ANKARA: Turkey has expanded its military offensive to the eastern bank of the Euphrates River in northern Syria, a move experts believe is meant to put pressure on the US to accelerate the implementation of a plan agreed by the two countries in June. 

The plan foresees the withdrawal of the YPG from the region where American and Turkish soldiers were expected to conduct joint patrols. But, apart from the recent statement by the Pentagon about the launch of joint patrols soon in Manbij, none of these promises were kept as the YPG was expected to leave the city by Sept. 5.

The move has come just four days after the Syria summit in Istanbul, attended by the leaders of Turkey, Russia, Germany and France. On Sunday, the Turkish military fired artillery shells at US-backed Syrian Kurdish People’s Protection Unit (YPG) positions in the east of the Euphrates.

Four YPG militia in Syria’s Ayn Al-Arab region, or Kobani, were killed by the Turkish army on Wednesday afternoon, according to state-run news agency Anadolu.

The offensive did not come as a surprise as Turkish President Recep Tayyip Erdogan had made several warnings since mid-September about impending full-blown military action against the YPG positions on the east of the Euphrates.

“We will soon crush the terror organization in the east of the Euphrates with more comprehensive and effective operations. We have concluded our preparations and planning regarding this issue,” Erdogan said on Tuesday during his address to the parliamentary group meeting.

Turkey considers the YPG to be an extension of the Kurdistan Workers’ Party (PKK), which has waged a deadly insurgency against the Turkish state since 1984 and is listed as a terror group by Turkey, the US and the EU. 

Over the years, Turkey has tried to drive out the YPG from the western part of the Euphrates, but has hesitated to intervene in the eastern part to avoid a clash with the US, which has military contact points and officers there.

Abdullah Agar, a security expert and retired special warfare and commando officer, said the regional dynamics on the eastern Euphrates have been heating up in recent days.

“For the first time, Turkey has hit the region on such a massive scale. Ankara thinks that the terror groups on the eastern part of the Euphrates are undermining Syria’s unitary structure and threatening Turkey’s territorial integrity,” he told Arab News.

According to Agar, with this offensive Ankara is telling Washington that “either we take action together against the YPG or we will do so unilaterally.”

“This offensive may be followed by tactical, operational or strategic moves that will be determined by the reaction of the regional powers,” he said.

Serhat Erkmen, a military expert at the Gendarmerie and Coast Guard Academy of Turkey, thinks that Turkish armed forces are targeting the ammunition depots and hideouts of the YPG that were already identified.

“But the core message of this military offensive is to show Turkey’s military capacity in the region to all the regional actors and to signal that if they don’t consider Ankara’s national security concerns, Turkey is able to change the local conditions by taking the initiative,” he told Arab News.

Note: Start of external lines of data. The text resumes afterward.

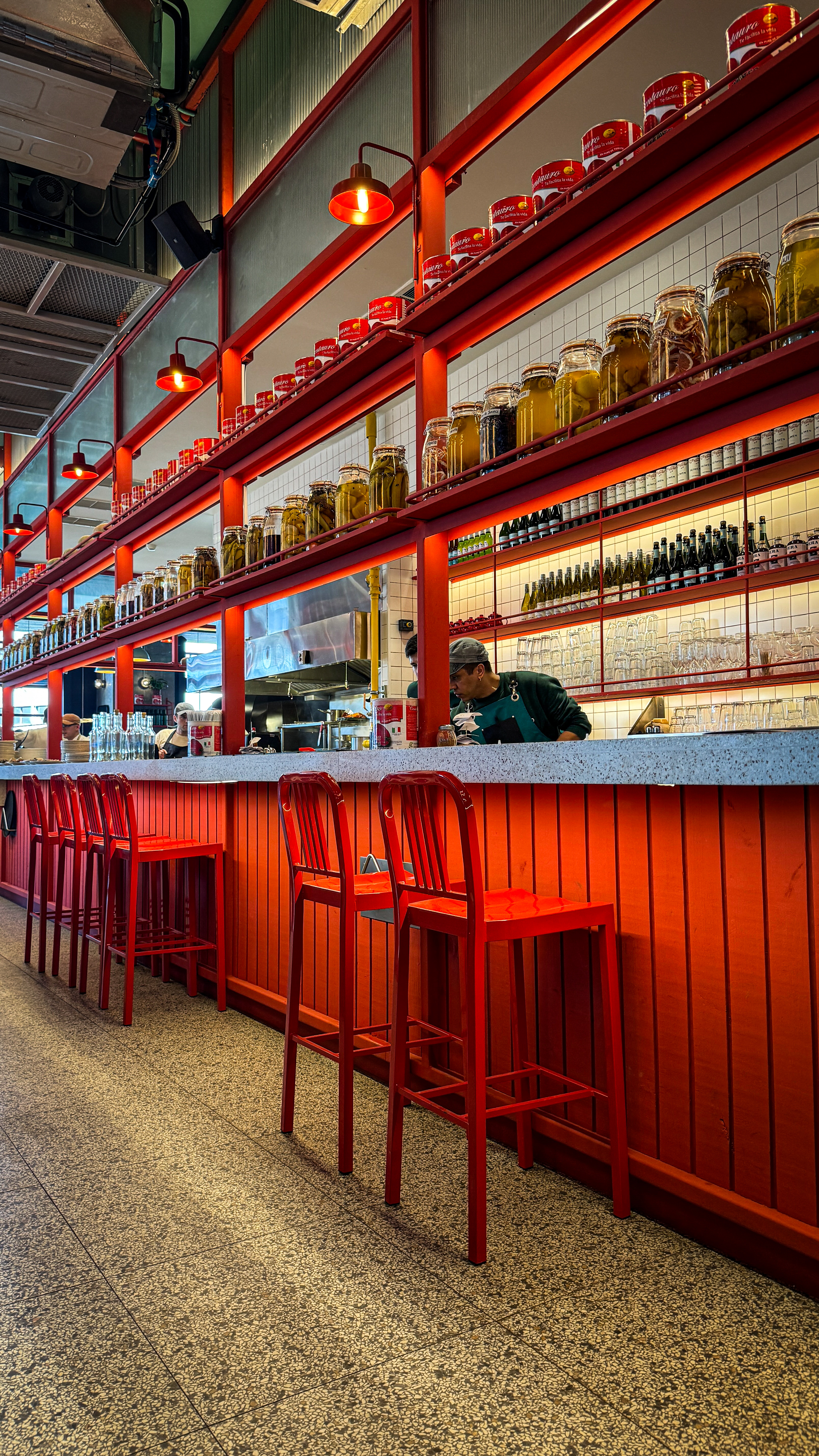 Me fui con otra idea, así que si van al MUT, aprovechen de pasar al lugar. Música entretenida (pero la acústica no acompaña mucho), un lugar con harta luz, harta gente, puedes ver todo lo que pasa en la línea de cocina y bar; hay unas mesas en la terraza mirando hacia Apoquindo, quizás ese spot va a estar buenísimo en octubre con unos mócteles o cócteles cuando ya tengan la patente.
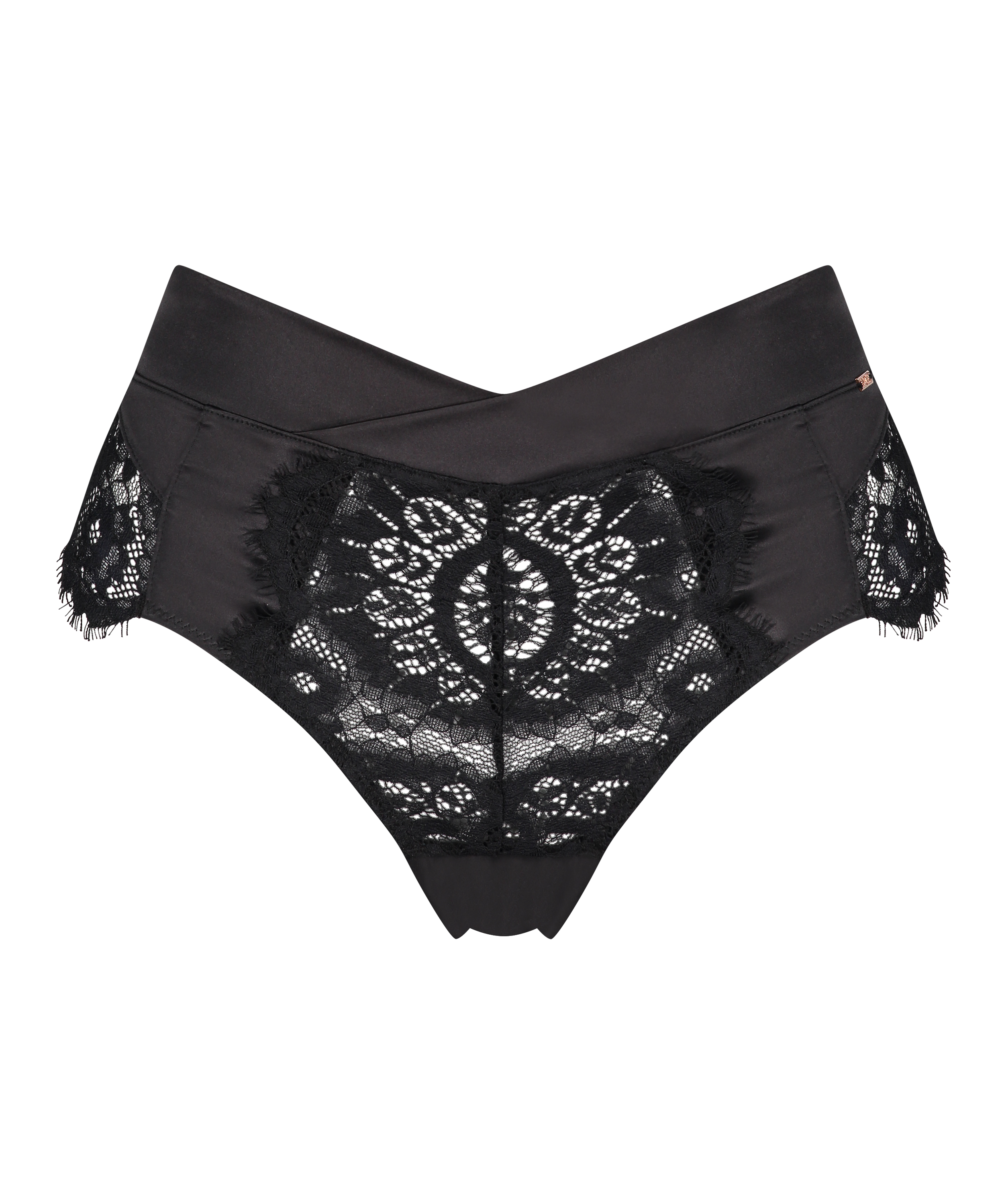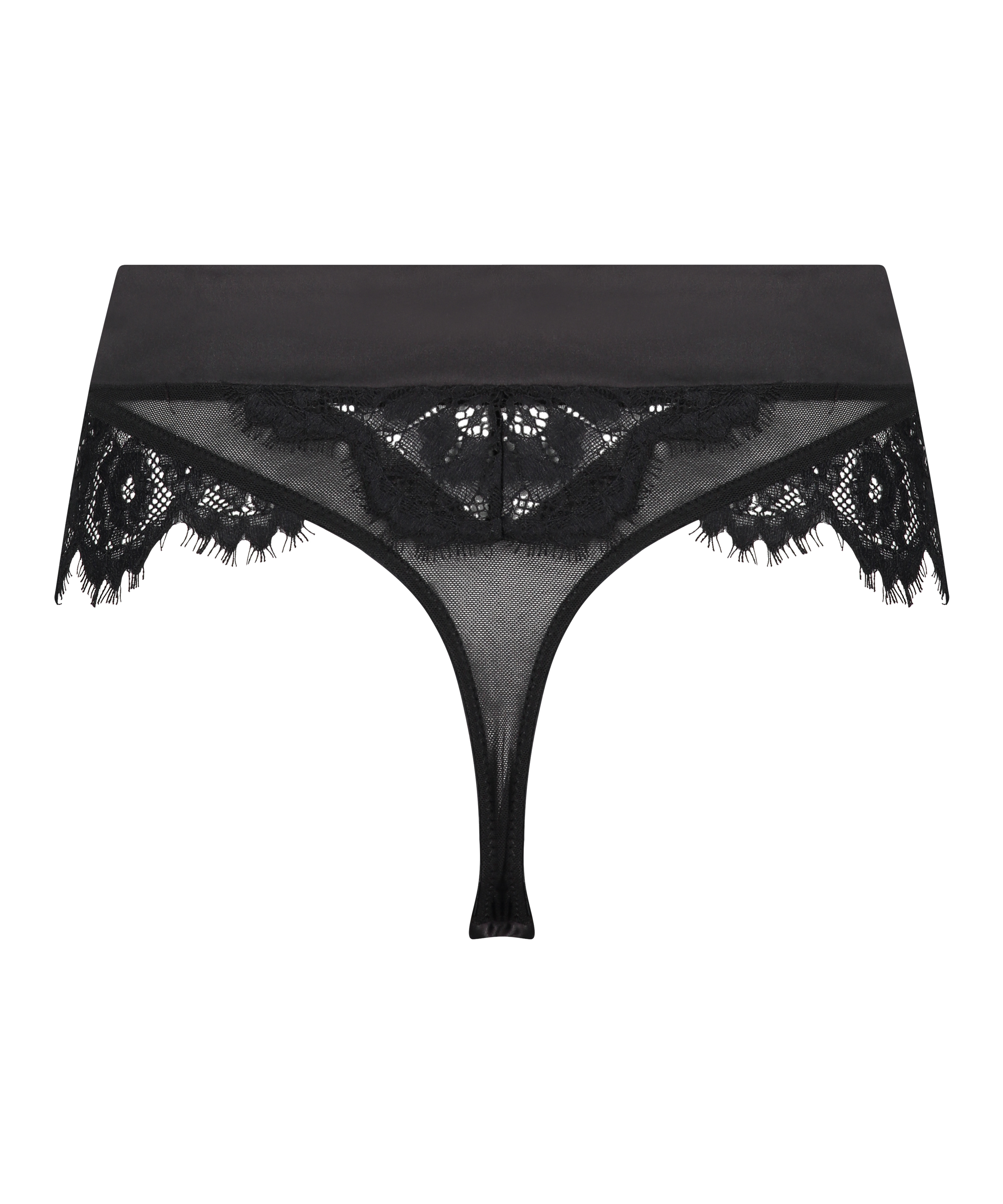 Feel comfortable in this thong! The thong is high cut, so the focus lies on your legs. The thong is made almost entirely of lace. Combine with matching items from the Noir Collection for a complete lingerie set!
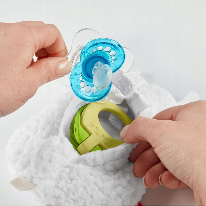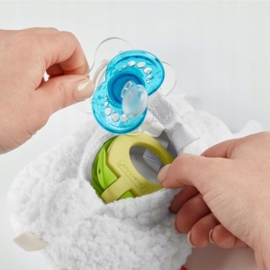 Úložný prostor a držák na dudlík Fisher-Price ve tvaru bílé lamy je unikátní produkt, který má dvojí funkci. Připevněte oblíbený dudlík vašeho miminka (dudlík není součástí balení) k měkkému plyšovému zvířátku, aby se nikdy neztratil a byl vždy nablízku.
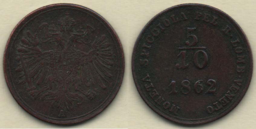 5/10 Soldo 1862 A, 1.822g, patina R!
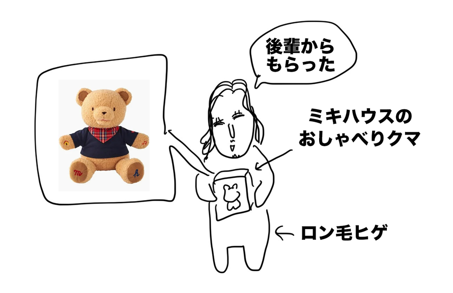 帰宅して開封すると、なんとミキハウスの喋る熊のぬいぐるみだった。
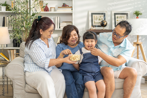 Portrait of happy love family asian father and mother playing with adorable asian kid girl.daughter, care, insurance.Happy family moments good time love with grandparents.Love of big family
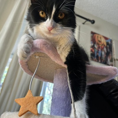 My little fur-ball loves her cat tree! She uses it for play and nap time as well. Arrived early and easy to assemble
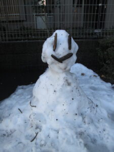 最後にマンションのエントランス前でこんな雪だるまを見つけました。
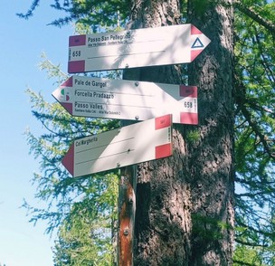 Dal Passo San Pellegrino si percorre la statale verso Falcade per circa cento metri, sino ad individuare il sentiero nr.658 (mt.1907) che attraversa a sud per due ponticelli in legno molto evidenti superando il recinto elettrico per il bestiame. Attraversata per mulattiera la zona paludosa, il percorso (segnaletica) si infila nel bosco con media pendenza ed attraversa alto passando sotto alla funivia del Col Margherita. Il percorso è comune con quello della Alta Via delle Dolomiti nr.2
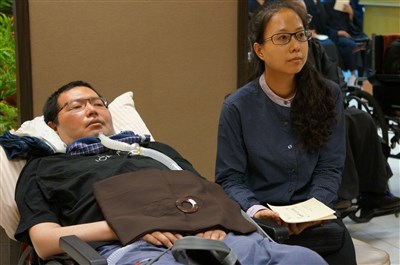 【人間社記者陳秋玉台北報導】陳宏遺孀劉學慧及媳婦KiKi陪同漸凍人次子陳大謀,前來佛光山台北道場受持五戒,兩名看護同時也皈依。陳大謀說,「他很高興到台北道場受五戒是很好的機緣,人生難得佛法難聞,能夠聽聞到佛光山開山星雲大師的開示真是三生有幸。」

Therefore, according to Erkmen, Ankara is testing the reactions of the US and intends to push Washington to take more concrete steps in Manbij.

“It is premature to say that this is a large-scale military operation. But a wide-ranging operation in this region is always on the table depending on the reaction of Washington and on the clear support of Moscow,” he said.

For now, Russia seems to support Turkey’s military moves on the eastern bank of the Euphrates. Russian Foreign Minister Sergei Lavrov said in September that autonomous structures in the eastern part of the river that are under the direct control of the US have been threatening Syria’s territorial integrity.

On the other hand, the disagreement between Damascus and Ankara has created a new fault line in the region as the Assad regime accuses Turkey of not meeting its obligations under the Idlib agreement and of remaining unwilling to fulfill them, saying that the terrorists have not completely withdrawn from the region and are keeping their heavy weapons.

However, Ankara rejects these accusations and claims the deal is being implemented as planned to create a demilitarized buffer zone around the opposition-held Idlib region, the last stronghold of the anti-Assad insurgency.